As has already been mentioned,*Rgraphviz*sets the graph size to either the size of the current device or to a default of 7x7 inches. It would be nice to have the option of letting*graphviz*set the size.

Workaround: agopenTrue() lets*graphviz*set the graph size. - Edge weights:

agopen() does not pass through edge weights when laying out graphs. This can have a dramatic effect on the layout of a graph, and can even lead to distorted looking edges. It would be preferable for agopen() to handle edgeweights.

Workaround: agopenTrue() will pass through edge weights when laying out a graph. - Node sizes:

agopen() sets nodes sizes to width=0.75, height=0.5 and fixedsize=TRUE by default. This results in oversized "square"- and "circle"-shaped nodes. It might be preferable to let*graphviz*set these values if the user does not specify othersise.

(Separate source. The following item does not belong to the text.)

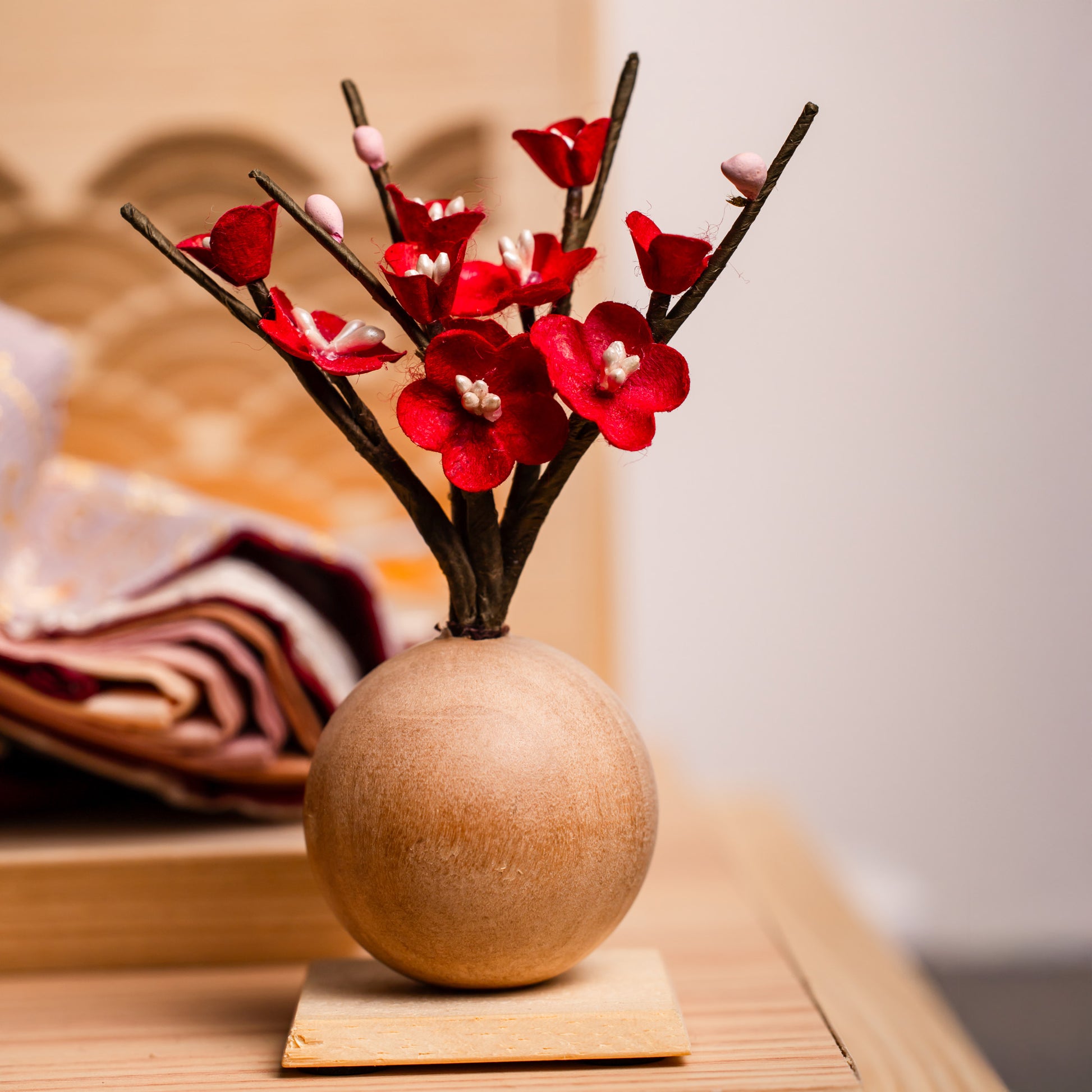 枝の流れを整え、さらに和紙を巻き付けて塗装することで、梅の木の自然な質感を丁寧に表現しています。丸く削り出した木の花器が、やわらかでかわいらしい印象を添える一品です。

Workaround: agopenTrue() will let*graphviz*set the node sizes if not otherwise specified. - Arrow types:

agopen() does not allow the specification of arrow types at layout. Changing arrow types after layout can cause visual problems.

## Future improvements

Possible future work on *gridGraphviz* could focus on the
following things:

- Extension of available node shapes
- Extension of available arrow types
- Improve handling of alternative arrow types (e.g., avoid overlap of 'dot' or 'box' arrows with node boundary)
- Rendering of graph labels and sublabels
- Rendering of subgraph labels and boxes
- Investigate how graphviz handles fill and backgound colours compared to Rgraphviz

## Acknowledgements

The work in this report was undertaken as part of the University of Auckland's Faculty of Science Summer Studentship programme in the Department of Statistics.

## Summary

Several improvements were made to the *gridGraphviz* package
between versions 0.2 and 0.3. Support was added for "ellipse"-shaped
nodes, as well as several variations of "polygon"-shaped nodes.
*gridGraphviz* version 0.3 no longer produces "phantom" edges
on undirected graphs, and can now produce a greater variety of arrow
types. Support was added for rendering edge labels, and for producing
plots that are the same size as that produced directly by
*graphviz*. The naming of grobs in *gridGraphviz*
version 0.3 was also improved.

## Downloads

The latest revisions of *gridGraphviz* can be freely downloaded
from
R-Forge
under a GPL license.

This article was produced with the knitr [9] package for R. The source code for the page can downloaded here.